---------- RECORDED DATA
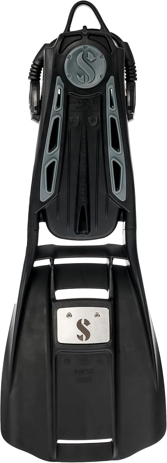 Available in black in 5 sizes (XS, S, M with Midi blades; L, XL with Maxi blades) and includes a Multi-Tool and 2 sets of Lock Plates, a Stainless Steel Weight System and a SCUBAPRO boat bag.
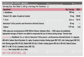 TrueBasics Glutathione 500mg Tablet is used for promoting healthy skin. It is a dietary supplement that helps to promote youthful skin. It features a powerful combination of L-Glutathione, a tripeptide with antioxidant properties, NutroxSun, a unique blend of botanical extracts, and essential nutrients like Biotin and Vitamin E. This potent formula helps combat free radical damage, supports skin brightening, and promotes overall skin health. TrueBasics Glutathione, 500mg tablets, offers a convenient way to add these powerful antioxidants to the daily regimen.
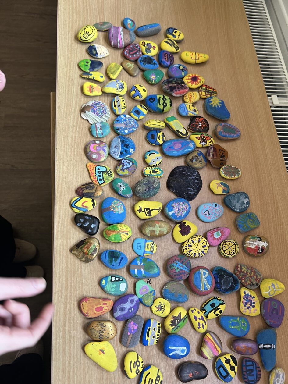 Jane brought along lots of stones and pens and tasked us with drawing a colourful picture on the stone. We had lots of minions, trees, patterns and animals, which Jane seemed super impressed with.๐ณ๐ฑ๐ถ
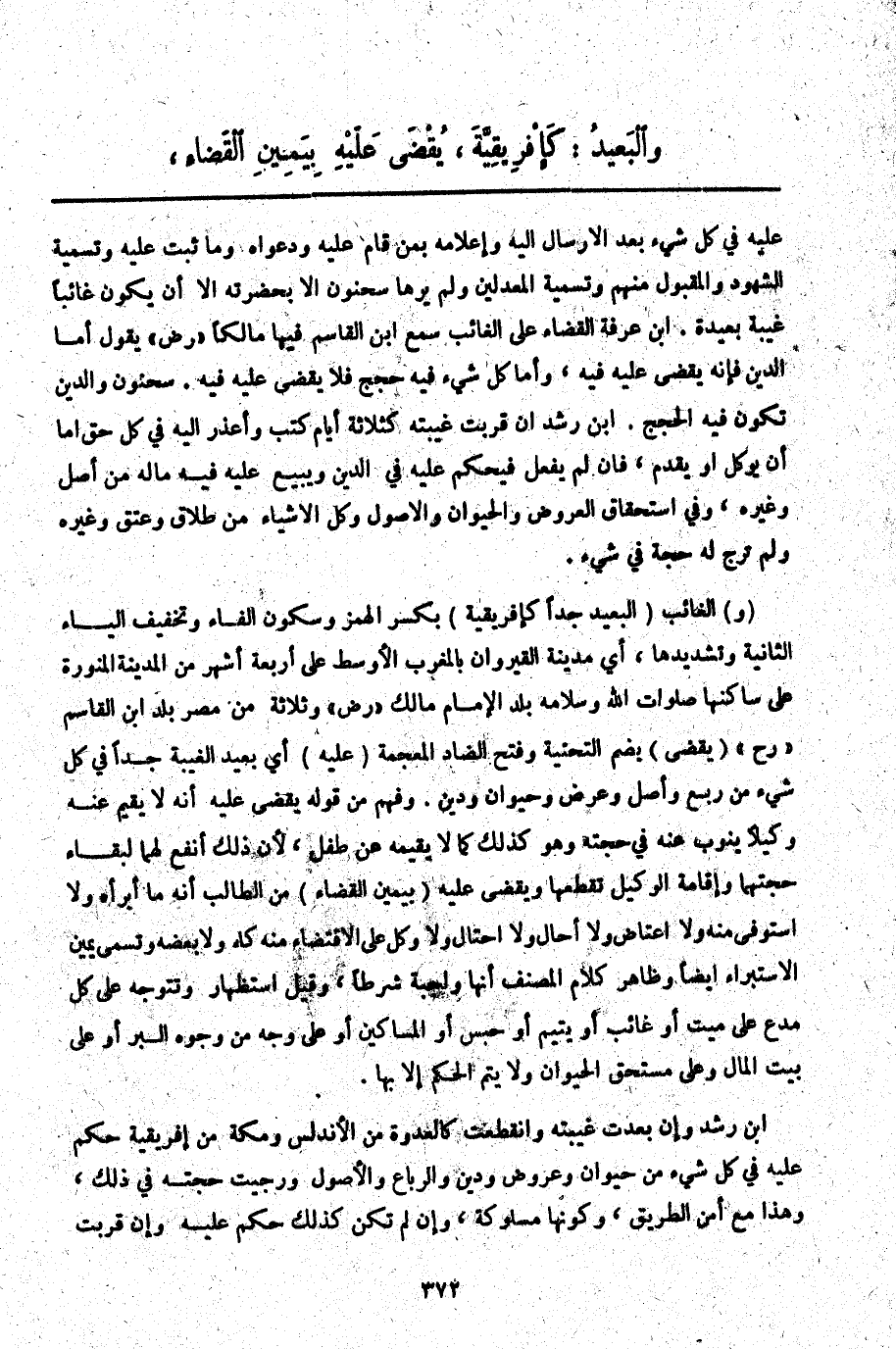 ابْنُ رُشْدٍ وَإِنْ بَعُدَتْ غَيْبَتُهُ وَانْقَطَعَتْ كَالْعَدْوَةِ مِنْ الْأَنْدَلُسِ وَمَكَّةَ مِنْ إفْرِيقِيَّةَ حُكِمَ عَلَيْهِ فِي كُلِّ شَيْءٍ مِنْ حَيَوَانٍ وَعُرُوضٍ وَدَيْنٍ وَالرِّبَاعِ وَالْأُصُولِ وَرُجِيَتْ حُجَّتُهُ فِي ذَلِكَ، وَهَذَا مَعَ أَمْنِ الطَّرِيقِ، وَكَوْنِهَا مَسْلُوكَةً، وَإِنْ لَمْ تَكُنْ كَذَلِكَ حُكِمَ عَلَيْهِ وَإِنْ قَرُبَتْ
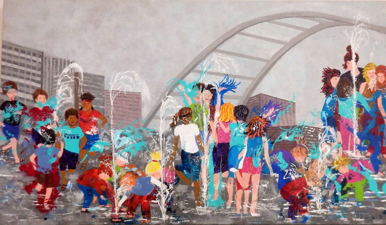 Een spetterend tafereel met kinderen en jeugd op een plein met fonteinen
--------------------
TASK REQUIREMENTS
What you return must match the entries above exactly, apart from the pictures, which are left out.

EXPECTED OUTPUT
 Available in black in 5 sizes (XS, S, M with Midi blades; L, XL with Maxi blades) and includes a Multi-Tool and 2 sets of Lock Plates, a Stainless Steel Weight System and a SCUBAPRO boat bag.
 TrueBasics Glutathione 500mg Tablet is used for promoting healthy skin. It is a dietary supplement that helps to promote youthful skin. It features a powerful combination of L-Glutathione, a tripeptide with antioxidant properties, NutroxSun, a unique blend of botanical extracts, and essential nutrients like Biotin and Vitamin E. This potent formula helps combat free radical damage, supports skin brightening, and promotes overall skin health. TrueBasics Glutathione, 500mg tablets, offers a convenient way to add these powerful antioxidants to the daily regimen.
 Jane brought along lots of stones and pens and tasked us with drawing a colourful picture on the stone. We had lots of minions, trees, patterns and animals, which Jane seemed super impressed with.๐ณ๐ฑ๐ถ
 ابْنُ رُشْدٍ وَإِنْ بَعُدَتْ غَيْبَتُهُ وَانْقَطَعَتْ كَالْعَدْوَةِ مِنْ الْأَنْدَلُسِ وَمَكَّةَ مِنْ إفْرِيقِيَّةَ حُكِمَ عَلَيْهِ فِي كُلِّ شَيْءٍ مِنْ حَيَوَانٍ وَعُرُوضٍ وَدَيْنٍ وَالرِّبَاعِ وَالْأُصُولِ وَرُجِيَتْ حُجَّتُهُ فِي ذَلِكَ، وَهَذَا مَعَ أَمْنِ الطَّرِيقِ، وَكَوْنِهَا مَسْلُوكَةً، وَإِنْ لَمْ تَكُنْ كَذَلِكَ حُكِمَ عَلَيْهِ وَإِنْ قَرُبَتْ
 Een spetterend tafereel met kinderen en jeugd op een plein met fonteinen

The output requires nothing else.